A mechanism for loading and processing web pages along with their XHR payloads, utilising an off-screen WKWebView wrapped into a single interface that fully supports structured concurrency.
- Supports macOS and iOS.
- Interact with web content using structured concurrency (async/await) and AsyncSequence.
- Transparently fetch remote content and seamlessly process HTML, JavaScript, and in-page network requests via
WKWebView.
APIs are fickle creatures, and sometimes features present on websites are not available in the sanctioned third-party API. Sometimes there is no API! Sometimes you just want to scrape webpages because you're just built different. In any case, websites these days are loaded with javascript that can substantially alter the content of a page after the initial source is loaded, and in some case this is the difference between having content and not having content.
In all of these instances, including the one where you just want to bend the internet to your whims, this library can be more useful than a plain URLSession data task, because it automatically loads the content and handles the JavaScript using WebKit, giving you all of the contents loaded with XMLHTTPRequests (private APIs, anyone?), and all of the different states of the webpage (until the timeout expires). It's not magic, but it's up there with a really good pastry.
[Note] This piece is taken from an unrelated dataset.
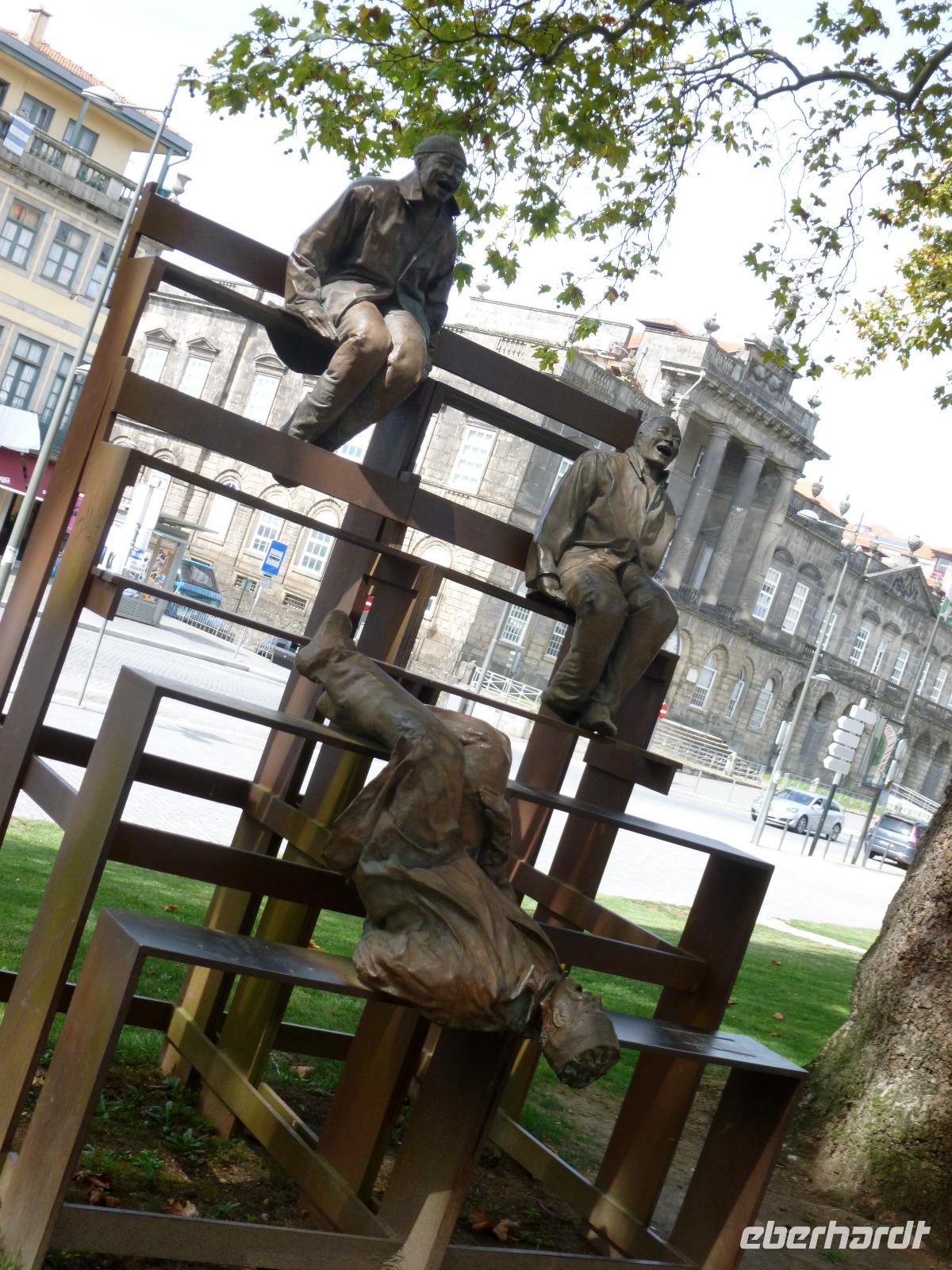 Im malerisch am Douro gelegenen Porto erwartete uns Luisa bereits am Torre dos Clerigos, am Wahrzeichen der UNESCO geschützten Altstadt. Die zweitgrößte Stadt des Landes vereint Industrie und Charme, wie uns die lustigsten Männer (Bronzekunstwerke) bestätigten. Wir erkundeten zu Fuß den Kathedralbezirk, bevor wir das Viertel am Fluß mit den Portweinkellern (Ribeiras) zur Verkostung betraten. Portwein wurde im 17. Jahrhundert von englischen Kaufleuten "entdeckt", die Dourowein mit Schnaps versetzten und so haltbarer machten. Heute wird Flaschen- und Fassgereifter Portwein (rot und weiß) angeboten.

In your Package.swift Swift Package Manager manifest, add the following dependency to your dependencies argument:
.package(url: "https://github.com/jellybeansoup/swift-webkit-transport.git", from: "1.0.0"),Add the dependency to any targets you've declared in your manifest:
.target(
name: "MyTarget",
dependencies: [
.product(name: "WebKitTransport", package: "swift-webkit-transport"),
]
),Loading a webpage and listening to mutations and/or XHR responses is as easy as passing the appropriate URL into the WebKitTask.load(_:) method. There's also a variation of this method which can take a URLRequest, and both methods can take an optional URLSession and timeout, which allows complete control over how the system loads the content.
Note: The given
URLSessionis used only for the initial page load. After that, WebKit's internals handle subsequent loads. This may cause issues if you're attempting to use a customURLSessionto provide access to content behind an authentication, as the underlyingWKWebViewis ephemeral, and does not share any context with the givenURLSession.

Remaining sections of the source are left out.